Start of INFORMATION SUPPLIED

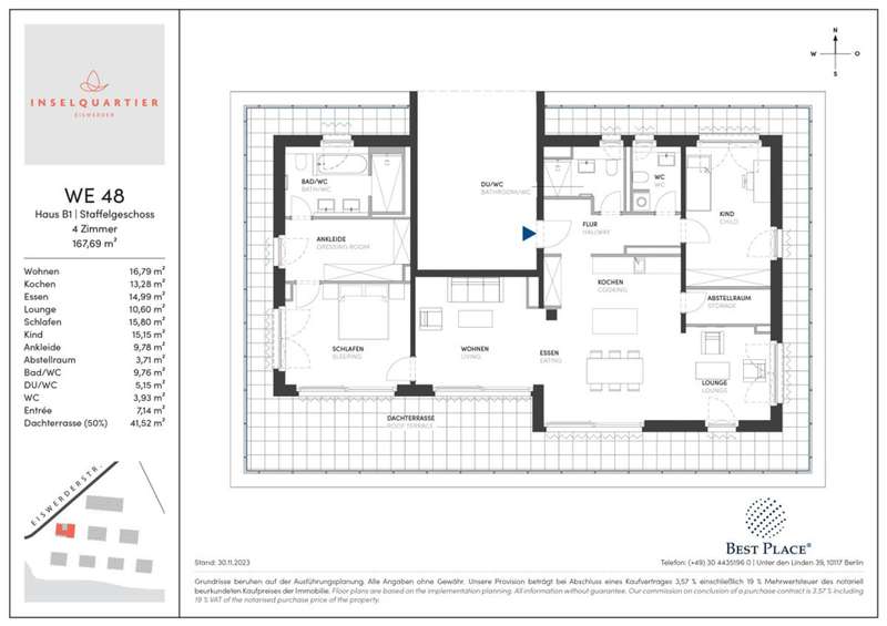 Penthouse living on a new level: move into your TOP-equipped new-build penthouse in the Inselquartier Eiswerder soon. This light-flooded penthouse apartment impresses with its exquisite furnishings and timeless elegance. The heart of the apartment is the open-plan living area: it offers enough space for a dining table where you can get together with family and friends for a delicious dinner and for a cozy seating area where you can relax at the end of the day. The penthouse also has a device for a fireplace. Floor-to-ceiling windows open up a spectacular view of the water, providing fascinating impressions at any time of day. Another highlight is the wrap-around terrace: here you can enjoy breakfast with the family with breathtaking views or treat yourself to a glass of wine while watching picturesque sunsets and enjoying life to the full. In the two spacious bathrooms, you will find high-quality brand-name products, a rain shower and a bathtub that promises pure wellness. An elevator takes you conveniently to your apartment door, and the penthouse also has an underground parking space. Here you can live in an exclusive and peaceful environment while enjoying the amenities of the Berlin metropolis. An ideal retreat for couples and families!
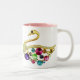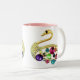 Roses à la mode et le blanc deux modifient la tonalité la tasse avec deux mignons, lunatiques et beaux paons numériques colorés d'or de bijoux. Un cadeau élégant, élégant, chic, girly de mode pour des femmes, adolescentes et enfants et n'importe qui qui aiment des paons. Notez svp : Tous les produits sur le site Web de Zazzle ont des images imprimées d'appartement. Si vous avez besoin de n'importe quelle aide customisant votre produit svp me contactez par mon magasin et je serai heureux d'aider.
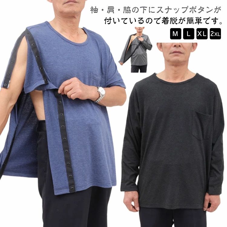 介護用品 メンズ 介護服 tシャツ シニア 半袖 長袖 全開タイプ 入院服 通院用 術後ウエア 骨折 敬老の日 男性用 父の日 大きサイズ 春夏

End of INFORMATION SUPPLIED
Start of INFORMATION SUPPLIED

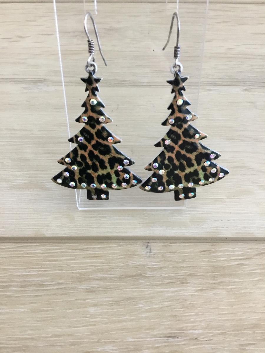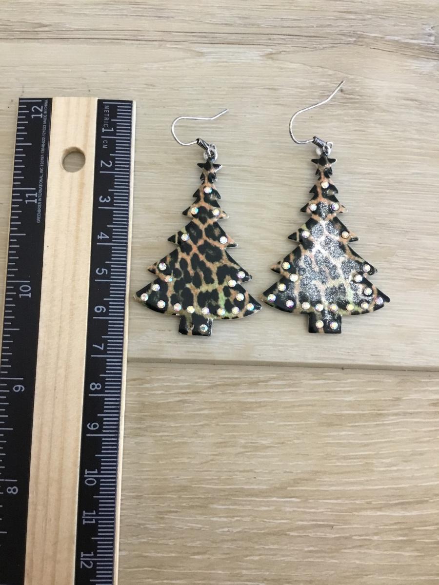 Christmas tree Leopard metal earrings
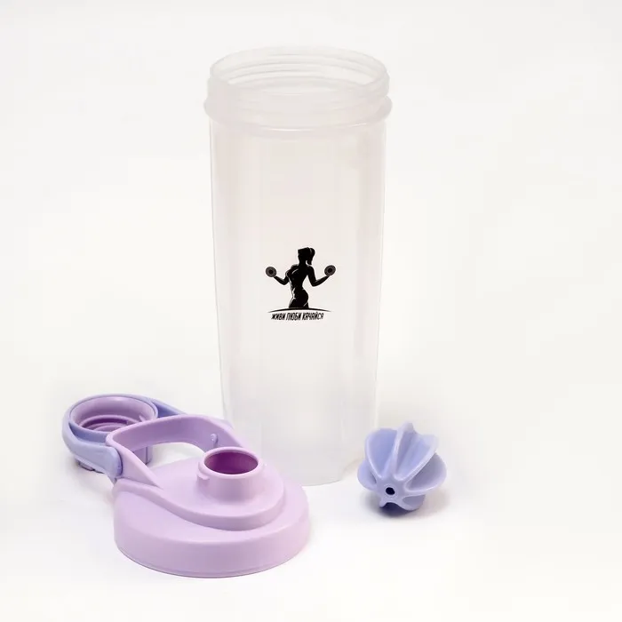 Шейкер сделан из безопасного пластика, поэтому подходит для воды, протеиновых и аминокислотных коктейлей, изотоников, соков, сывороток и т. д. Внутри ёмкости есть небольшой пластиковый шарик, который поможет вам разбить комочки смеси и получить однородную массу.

End of INFORMATION SUPPLIED
Start of INFORMATION SUPPLIED

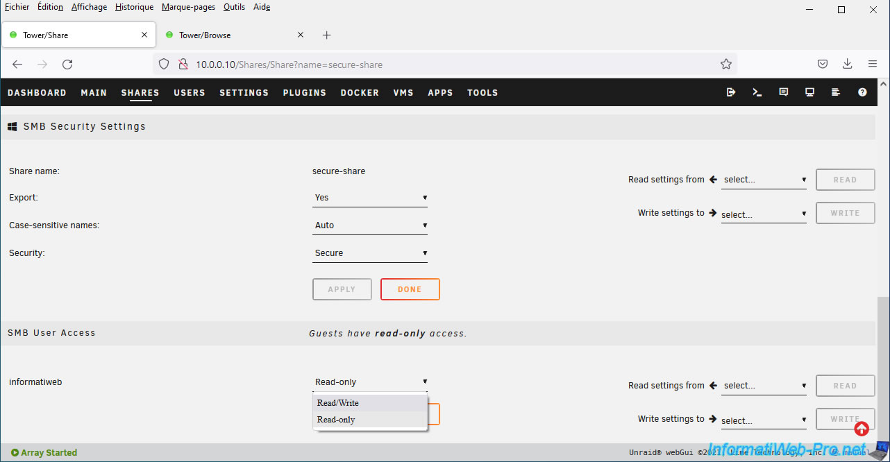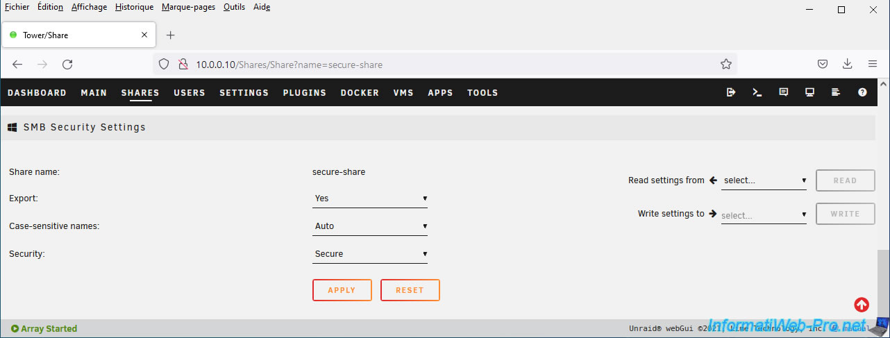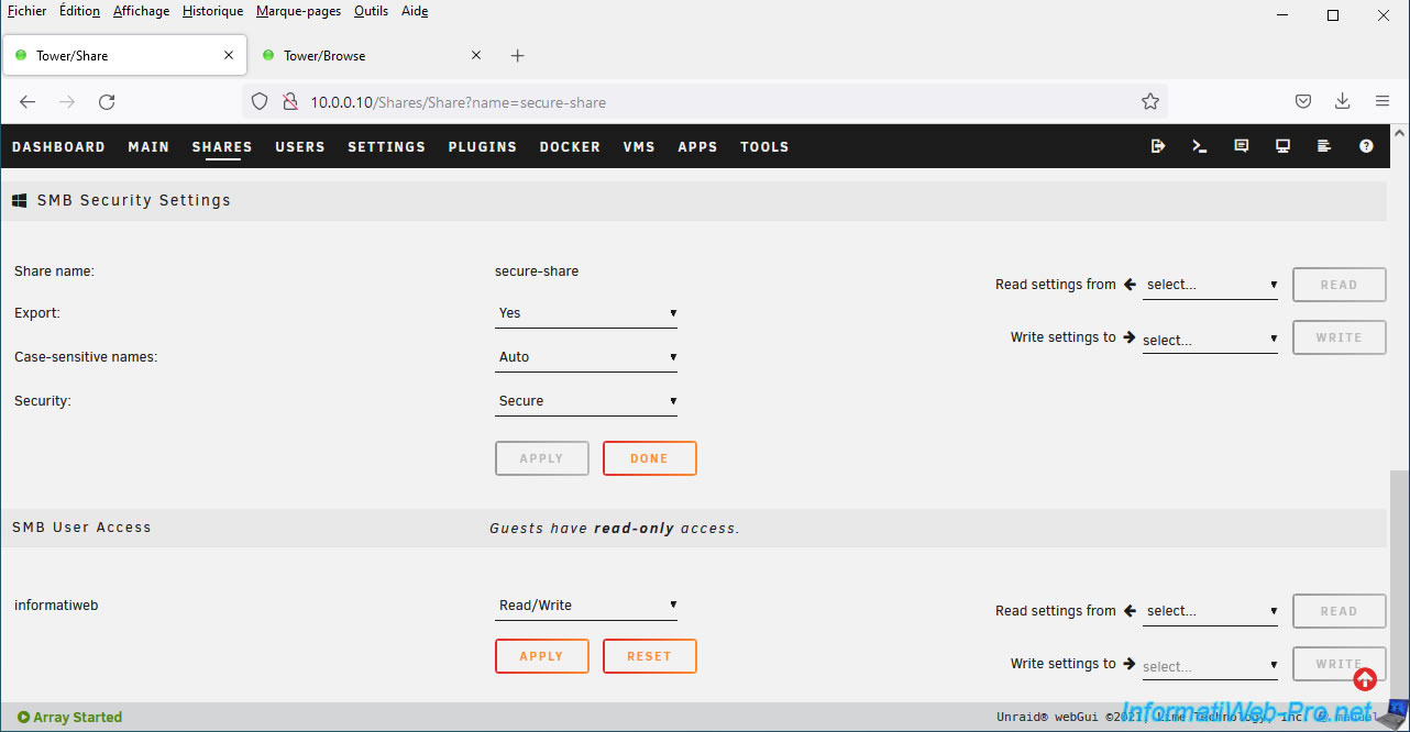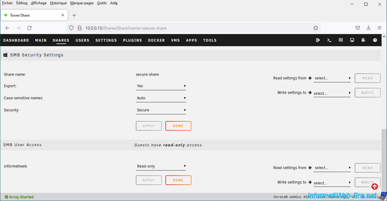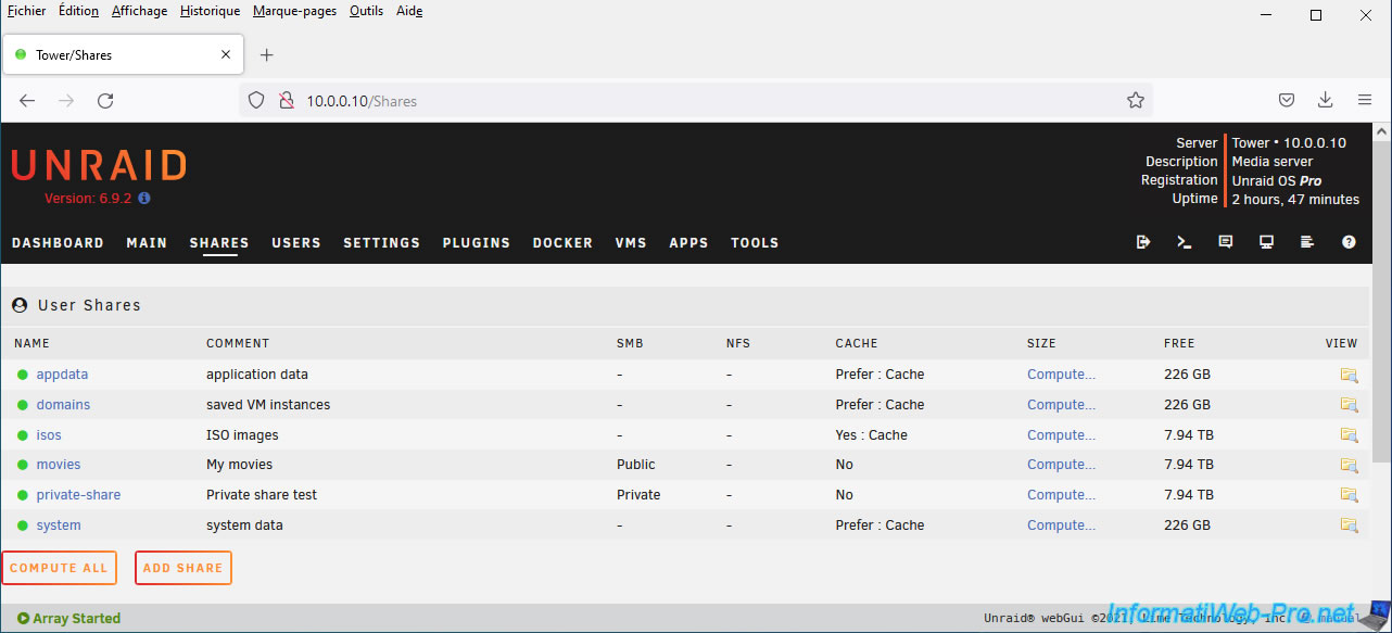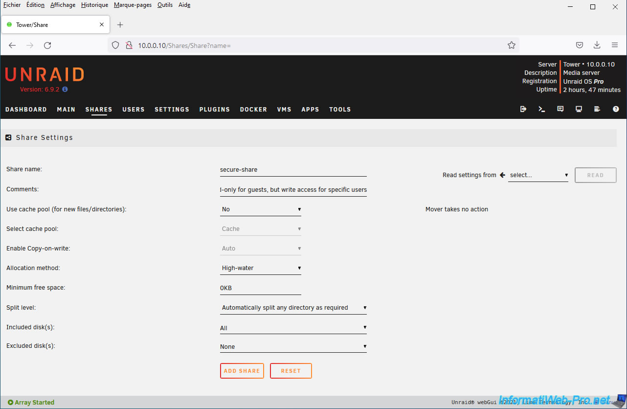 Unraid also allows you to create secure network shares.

End of INFORMATION SUPPLIED

# TASK REQUIREMENTS:
Word for word, restate the lines above from the one with "Roses à la mode" through the one with "介護用品 メンズ 介護服", keeping both ends and dropping the pictures.

# TASK OUTPUT:
 Roses à la mode et le blanc deux modifient la tonalité la tasse avec deux mignons, lunatiques et beaux paons numériques colorés d'or de bijoux. Un cadeau élégant, élégant, chic, girly de mode pour des femmes, adolescentes et enfants et n'importe qui qui aiment des paons. Notez svp : Tous les produits sur le site Web de Zazzle ont des images imprimées d'appartement. Si vous avez besoin de n'importe quelle aide customisant votre produit svp me contactez par mon magasin et je serai heureux d'aider.
 介護用品 メンズ 介護服 tシャツ シニア 半袖 長袖 全開タイプ 入院服 通院用 術後ウエア 骨折 敬老の日 男性用 父の日 大きサイズ 春夏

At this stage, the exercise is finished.